Последовавшие за этим разговором перемены оказались поистине революционными. Фредерик II стал приходить на работу каждый день, точно к десяти утра, и просиживал в своем кабинете до начала пятого - для того золотого времечка это считалось очень долгим рабочим днем; начал постепенно лучше разбираться в том, что происходило на рынке; обедал он теперь только с клиентами банка; читал - сразу же после завтрака - одни лишь финансовые газеты; и при тех достаточно скромных способностях, какие у него были, сумел в конечном счете стать почти первоклассным банкиром. Когда в 1903 году появился на свет Фредерик Прэгер III, юного наследника снова ожидало весьма значительное состояние.

Фредерик III оказался интересным ребенком; как и все Прэгеры, он был блондин, хорош собой, а унаследованное им от деда чутье в денежных делах сочеталось у него с прекрасным даром прирожденного политика.

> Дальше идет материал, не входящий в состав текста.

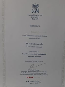 З 11 по 21 травня доцентка кафедри української і слов’янської філології та журналістики Херсонського державного університету Лідія Бондаренко взяла участь у Міжнародному науково-дослідницькому виїзді на Балкани: Греція та Македонія (“Scientific and research trip to the Balkans: Greece and Macedonia”).

Все, кто окружал его, ясно увидели и оценили эти качества, когда еще в семилетнем возрасте он однажды попросил у присматривавшей за ним няньки четверть доллара, сказав, что хочет взять монетку в школу и опустить там в банку для пожертвований на благотворительные цели. Мама, объяснил он (говоря неправду, но глядя при этом широко раскрытыми, влажными и честнейшими глазами), слишком занята своими общественными делами, и ей не до таких мелочей; и нянька, разжалобившись - как это сделала бы любая нянька на ее месте - от подобного проявления материнского жестокосердия и эгоизма, тут же выдала ему целых пятьдесят центов. По дороге в школу Фредерик купил на эти деньги пакетик мятных леденцов; шофера он уговорил сделать остановку, сказав, что хочет купить себе на завтрак еще одно яблоко. Мятные леденцы были распроданы потом в школе ребятам по центу за штуку; к концу дня Фредерик не только вернул себе свой первоначальный капитал, но и увеличил его на доллар и пятьдесят центов. К середине четверти он подобным образом сколотил уже больше двадцати долларов. Сами эти деньги были ему не нужны; ему просто приятно было сознавать, что, если понадобится, он всегда способен сам что-то заработать.